BEGIN
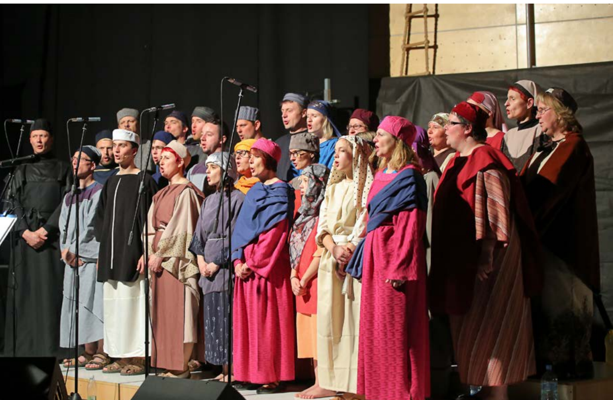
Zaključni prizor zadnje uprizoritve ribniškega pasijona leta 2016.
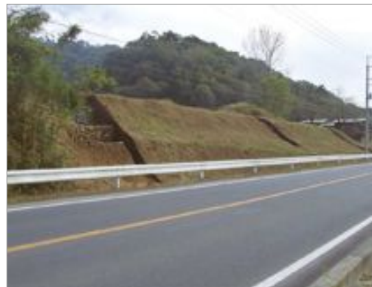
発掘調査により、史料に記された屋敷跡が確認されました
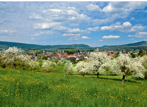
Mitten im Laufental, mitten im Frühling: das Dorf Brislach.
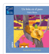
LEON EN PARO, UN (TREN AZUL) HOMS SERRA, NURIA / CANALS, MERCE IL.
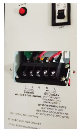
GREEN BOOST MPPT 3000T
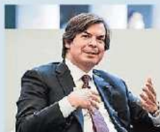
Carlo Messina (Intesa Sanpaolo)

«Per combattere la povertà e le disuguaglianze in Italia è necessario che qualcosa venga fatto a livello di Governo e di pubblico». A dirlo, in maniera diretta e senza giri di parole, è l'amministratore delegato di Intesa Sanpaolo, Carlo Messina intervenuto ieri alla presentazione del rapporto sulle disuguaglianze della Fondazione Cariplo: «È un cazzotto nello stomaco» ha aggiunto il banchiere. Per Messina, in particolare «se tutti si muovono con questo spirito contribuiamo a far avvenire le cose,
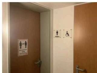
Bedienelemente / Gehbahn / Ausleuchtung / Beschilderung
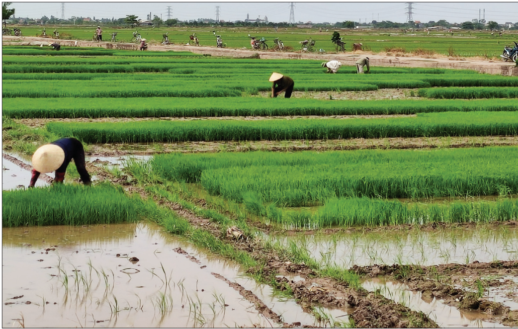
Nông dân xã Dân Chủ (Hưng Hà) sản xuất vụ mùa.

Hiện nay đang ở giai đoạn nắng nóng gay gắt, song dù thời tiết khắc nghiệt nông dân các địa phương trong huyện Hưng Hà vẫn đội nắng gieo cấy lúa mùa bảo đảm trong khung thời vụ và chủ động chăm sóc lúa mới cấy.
END
BEGIN
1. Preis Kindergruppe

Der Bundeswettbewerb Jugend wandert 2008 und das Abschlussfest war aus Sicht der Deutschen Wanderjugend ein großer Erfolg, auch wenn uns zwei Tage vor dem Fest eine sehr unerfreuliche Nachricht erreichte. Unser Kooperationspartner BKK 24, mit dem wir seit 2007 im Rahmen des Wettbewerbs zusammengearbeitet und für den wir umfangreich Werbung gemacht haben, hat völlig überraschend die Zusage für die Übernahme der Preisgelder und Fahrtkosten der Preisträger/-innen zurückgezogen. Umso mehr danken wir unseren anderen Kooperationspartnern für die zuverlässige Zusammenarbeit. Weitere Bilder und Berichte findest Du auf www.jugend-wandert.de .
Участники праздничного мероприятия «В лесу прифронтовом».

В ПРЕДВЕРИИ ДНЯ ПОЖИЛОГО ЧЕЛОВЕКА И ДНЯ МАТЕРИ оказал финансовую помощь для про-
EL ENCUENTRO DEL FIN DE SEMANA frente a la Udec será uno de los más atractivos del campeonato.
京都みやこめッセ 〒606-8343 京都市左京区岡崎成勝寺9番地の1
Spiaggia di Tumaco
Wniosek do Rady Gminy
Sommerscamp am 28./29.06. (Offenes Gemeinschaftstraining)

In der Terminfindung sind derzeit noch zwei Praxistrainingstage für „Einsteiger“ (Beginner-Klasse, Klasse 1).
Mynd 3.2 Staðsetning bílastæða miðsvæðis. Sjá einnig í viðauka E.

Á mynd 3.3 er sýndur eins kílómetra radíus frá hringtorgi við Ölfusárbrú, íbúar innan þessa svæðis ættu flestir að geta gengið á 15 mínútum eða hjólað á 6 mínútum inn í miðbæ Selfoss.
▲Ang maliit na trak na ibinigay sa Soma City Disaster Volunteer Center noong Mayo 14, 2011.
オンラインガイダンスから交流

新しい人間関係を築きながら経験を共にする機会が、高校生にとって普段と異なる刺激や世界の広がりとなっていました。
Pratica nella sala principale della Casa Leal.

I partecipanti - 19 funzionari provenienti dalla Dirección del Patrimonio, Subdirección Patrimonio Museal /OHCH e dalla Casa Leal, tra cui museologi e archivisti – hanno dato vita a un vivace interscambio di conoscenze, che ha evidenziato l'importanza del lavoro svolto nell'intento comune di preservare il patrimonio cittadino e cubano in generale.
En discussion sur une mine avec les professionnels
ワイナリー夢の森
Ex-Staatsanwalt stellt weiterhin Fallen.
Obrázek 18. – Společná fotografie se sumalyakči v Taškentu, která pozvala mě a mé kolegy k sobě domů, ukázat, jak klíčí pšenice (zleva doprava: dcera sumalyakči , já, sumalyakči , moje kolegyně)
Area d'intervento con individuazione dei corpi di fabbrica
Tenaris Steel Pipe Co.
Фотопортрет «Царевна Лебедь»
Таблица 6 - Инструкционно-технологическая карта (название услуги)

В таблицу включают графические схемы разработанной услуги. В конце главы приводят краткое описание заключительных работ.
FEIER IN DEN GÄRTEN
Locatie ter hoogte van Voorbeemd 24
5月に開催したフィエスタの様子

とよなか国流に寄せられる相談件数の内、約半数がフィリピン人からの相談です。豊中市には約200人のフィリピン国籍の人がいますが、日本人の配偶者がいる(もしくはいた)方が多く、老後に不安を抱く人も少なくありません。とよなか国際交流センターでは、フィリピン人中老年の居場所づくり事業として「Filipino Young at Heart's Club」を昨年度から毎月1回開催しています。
END
▶ [WHAT NEEDS TO BE DONE]:
Among the lines above, repeat exactly those from the line with "Area d'intervento con" to the line with "5月に開催したフィエスタの様子", counting both ends.

▶ [COMPLETED EXERCISE]:
Area d'intervento con individuazione dei corpi di fabbrica
Tenaris Steel Pipe Co.
Фотопортрет «Царевна Лебедь»
Таблица 6 - Инструкционно-технологическая карта (название услуги)

В таблицу включают графические схемы разработанной услуги. В конце главы приводят краткое описание заключительных работ.
FEIER IN DEN GÄRTEN
Locatie ter hoogte van Voorbeemd 24
5月に開催したフィエスタの様子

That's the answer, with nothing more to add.